(SOURCE MATERIAL Opens)

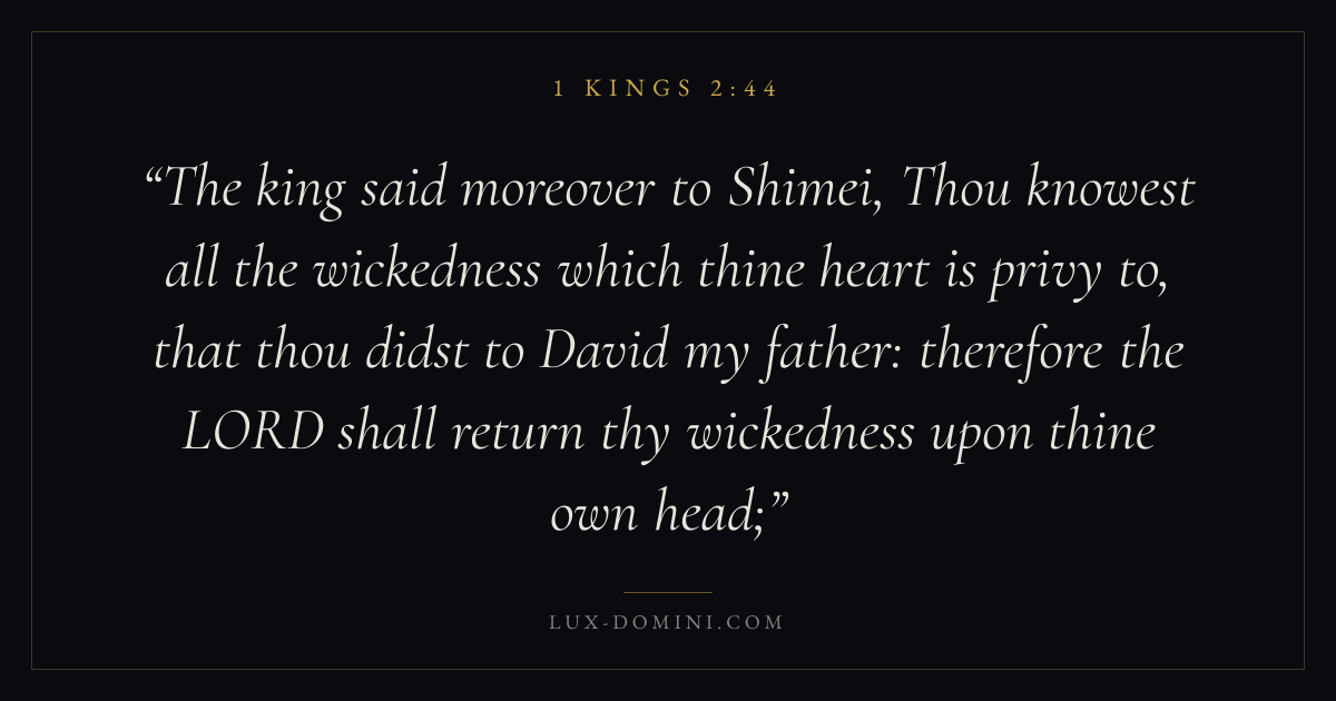 The king said moreover to Shimei, Thou knowest all the wickedness which thine heart is privy to, that thou didst to David my father: therefore the LORD shall return thy wickedness upon thine own head;
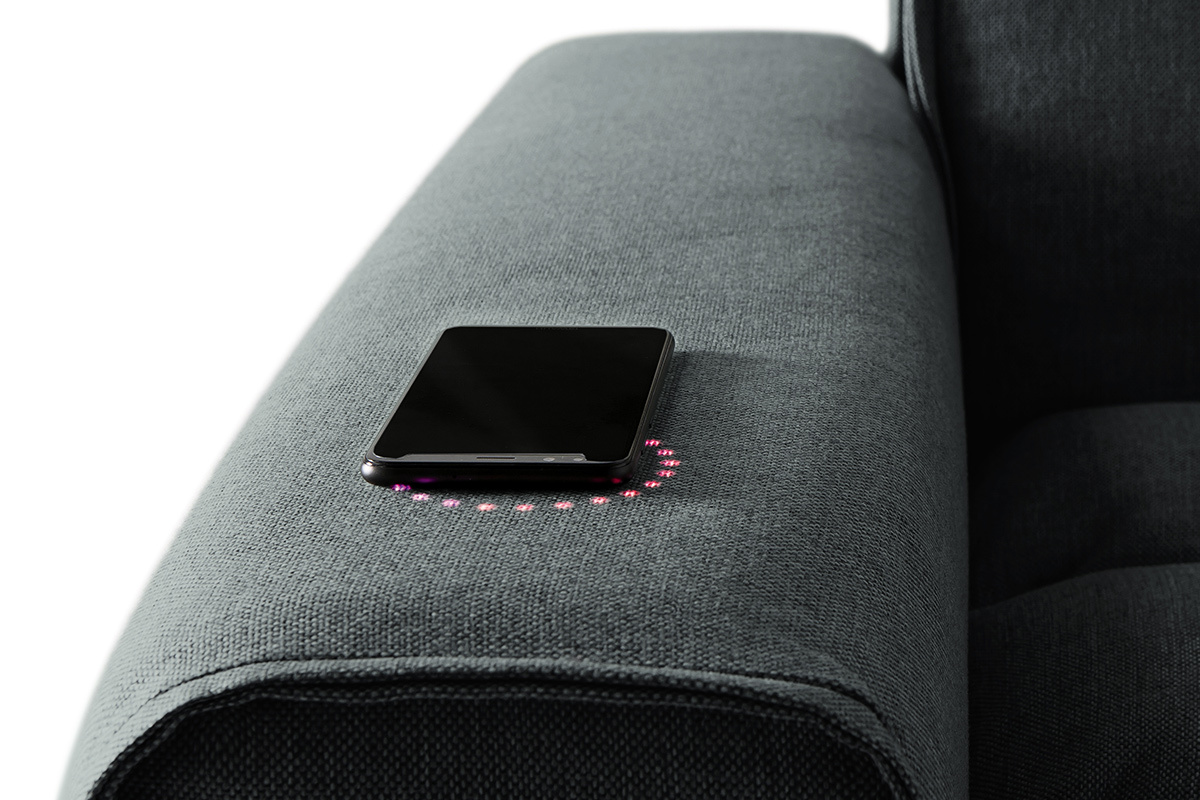 Un chargeur sans fil Qi a été intégré à l'accoudoir pour votre smartphone. Oubliez les câbles et profitez de l'intégralité des fonctions du fauteuil connecté, confortablement installé.
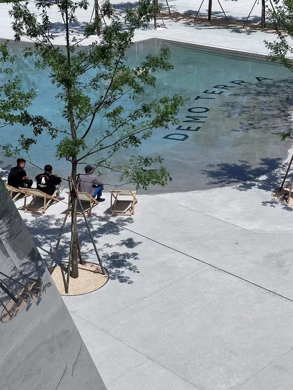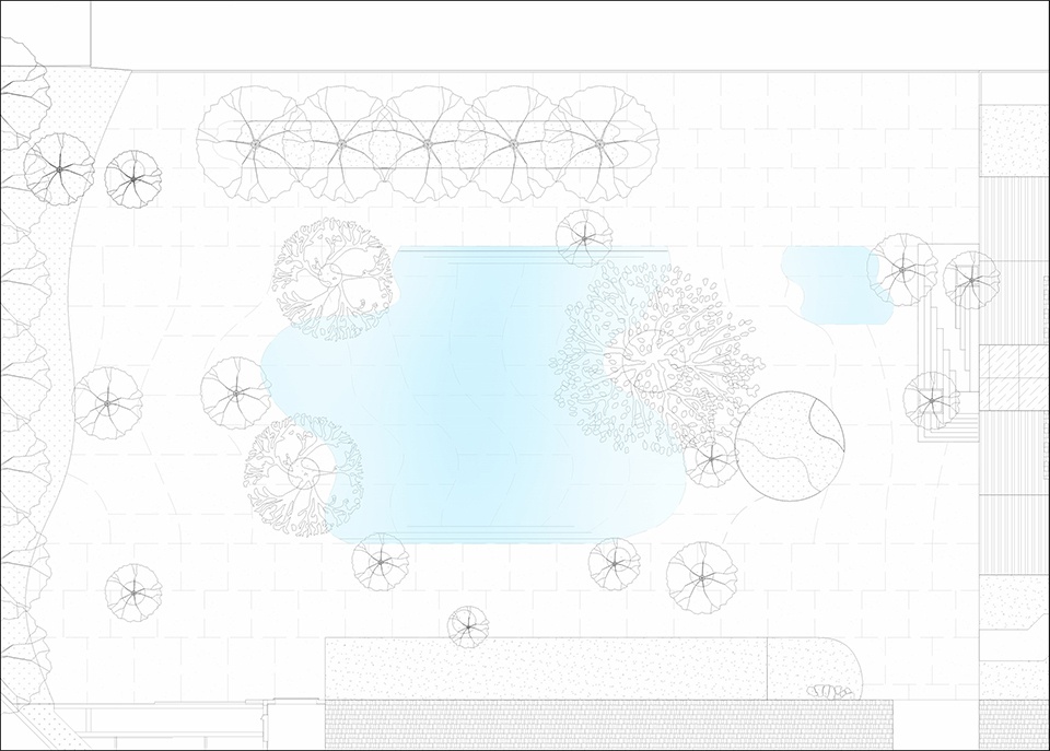 Beyond the entrance lies the Rain Plaza, where we designed a water pool integrated into the site. The plaza has a natural, curving shape, gently sinking as if it were a container for rainwater. The water naturally rises and falls, sometimes splitting into two pools, with water flowing from one to the other. Shallow enough for people to step in and play, it is bordered by a cherry tree and several Quercus nuttallii, which disrupt the flow of movement and create numerous cozy corners. Sitting under the tree, visitors can enjoy a leisurely afternoon. When the water is drained, the gentle slope transforms into a space for markets and gatherings, with people sitting on the ground, like the plaza in front of the Pompidou Centre.

(SOURCE MATERIAL Closes)

EXERCISE AIM: In the copy, omit the pictures and give every line of the data exactly.

EXERCISE ANSWER:
 The king said moreover to Shimei, Thou knowest all the wickedness which thine heart is privy to, that thou didst to David my father: therefore the LORD shall return thy wickedness upon thine own head;
 Un chargeur sans fil Qi a été intégré à l'accoudoir pour votre smartphone. Oubliez les câbles et profitez de l'intégralité des fonctions du fauteuil connecté, confortablement installé.
 Beyond the entrance lies the Rain Plaza, where we designed a water pool integrated into the site. The plaza has a natural, curving shape, gently sinking as if it were a container for rainwater. The water naturally rises and falls, sometimes splitting into two pools, with water flowing from one to the other. Shallow enough for people to step in and play, it is bordered by a cherry tree and several Quercus nuttallii, which disrupt the flow of movement and create numerous cozy corners. Sitting under the tree, visitors can enjoy a leisurely afternoon. When the water is drained, the gentle slope transforms into a space for markets and gatherings, with people sitting on the ground, like the plaza in front of the Pompidou Centre.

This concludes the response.